The app is great for people who don’t care about the social or community aspects of reading, and instead want to focus on their goals and progress. Basmo is free-to-use with standard features. The app also offers a $5 per month subscription that unlocks unlimited functionality and additional features.

Readerly

Image Credits: Readerly

Readerly is an Android and iOS book discovery app that helps you track your reading and find new books. Unlike every other app in this roundup, Readerly doesn’t include a 5-star rating system. Instead, the app provides context with every review that shows you how much your tastes overlap with the reviewer, books you’ve both read and topics you both enjoy. The point of this is to prevent you from possibly passing over a book that you may actually end up liking, regardless of what it’s rated on another platform.

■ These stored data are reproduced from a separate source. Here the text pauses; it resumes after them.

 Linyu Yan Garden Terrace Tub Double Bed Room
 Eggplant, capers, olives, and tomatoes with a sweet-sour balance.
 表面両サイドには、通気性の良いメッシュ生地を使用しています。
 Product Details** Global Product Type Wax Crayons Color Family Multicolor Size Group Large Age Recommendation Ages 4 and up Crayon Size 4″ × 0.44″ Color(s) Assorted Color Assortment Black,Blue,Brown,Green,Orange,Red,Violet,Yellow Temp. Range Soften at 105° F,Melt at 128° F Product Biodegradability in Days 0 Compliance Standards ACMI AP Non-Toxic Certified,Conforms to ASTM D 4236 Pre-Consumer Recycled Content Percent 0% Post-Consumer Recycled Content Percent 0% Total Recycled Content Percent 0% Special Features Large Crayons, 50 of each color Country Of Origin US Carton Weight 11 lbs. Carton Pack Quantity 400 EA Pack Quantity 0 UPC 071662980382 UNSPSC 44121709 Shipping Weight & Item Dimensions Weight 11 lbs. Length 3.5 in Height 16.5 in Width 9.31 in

The app also moves away from long reviews and instead has Gists, which are the app’s short review format. Gists essentially get users to write a TL;DR version of a review in 200 characters or less. Gists are then turned into an Instagram Stories-like format. Once you’ve created your Gist, you can add additional slides with your favorite quotes, characters or other additional information that you think others might find helpful. In terms of book discovery, the app will surface Gists from readers with similar reading tastes as you.

Readerly is great for people who want to try a unique book discovery platform. The app is free-to-use, and also offers a $2.99 monthly subscription fee for users who want to support the new platform and receive personalized ratings.

TBR Bookshelf

Image Credits: TBR bookshelf

TBR Bookshelf is a fairly new iOS app that is mainly catered toward #BookTok, a popular TikTok sub-community focused on popular books and literature. The app offers a simple and decluttered user interface. Like other book tracking apps, TBR Bookshelf lets you track books you’ve read, want to read and are currently reading. The app’s rating system lets you outline your favorite characters and quotes. You can also note if you reread a book or if you didn’t finish a book at all.

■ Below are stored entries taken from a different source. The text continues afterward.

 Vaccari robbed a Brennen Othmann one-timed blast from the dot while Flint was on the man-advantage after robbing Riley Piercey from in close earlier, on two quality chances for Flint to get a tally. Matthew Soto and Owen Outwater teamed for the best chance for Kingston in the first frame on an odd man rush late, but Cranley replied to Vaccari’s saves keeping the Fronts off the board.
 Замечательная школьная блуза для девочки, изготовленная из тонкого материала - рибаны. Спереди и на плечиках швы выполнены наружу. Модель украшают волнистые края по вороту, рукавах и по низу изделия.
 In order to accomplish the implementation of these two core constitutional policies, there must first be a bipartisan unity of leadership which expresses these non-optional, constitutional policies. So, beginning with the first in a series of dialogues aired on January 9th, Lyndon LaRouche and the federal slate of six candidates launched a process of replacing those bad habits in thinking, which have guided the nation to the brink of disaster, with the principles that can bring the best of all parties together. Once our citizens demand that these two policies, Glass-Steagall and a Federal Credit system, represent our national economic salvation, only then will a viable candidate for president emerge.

The app has specific rating categories for different genres that go beyond star ratings. For example, if you are rating a self-help book, you can give it separate ratings based on how inspirational and helpful it was. Or, if you’re rating a classic book, you can give it different ratings based on how heartfelt and interesting it was.

TBR Bookshelf is a good app for people who are part of #BookTok, as many of the features are geared toward these users. The app is free-to-use, but also offers a $4.99 monthly subscription that unlocks extra features, including things like seasonal ratings, book playlists and TV show and movie adaption ratings.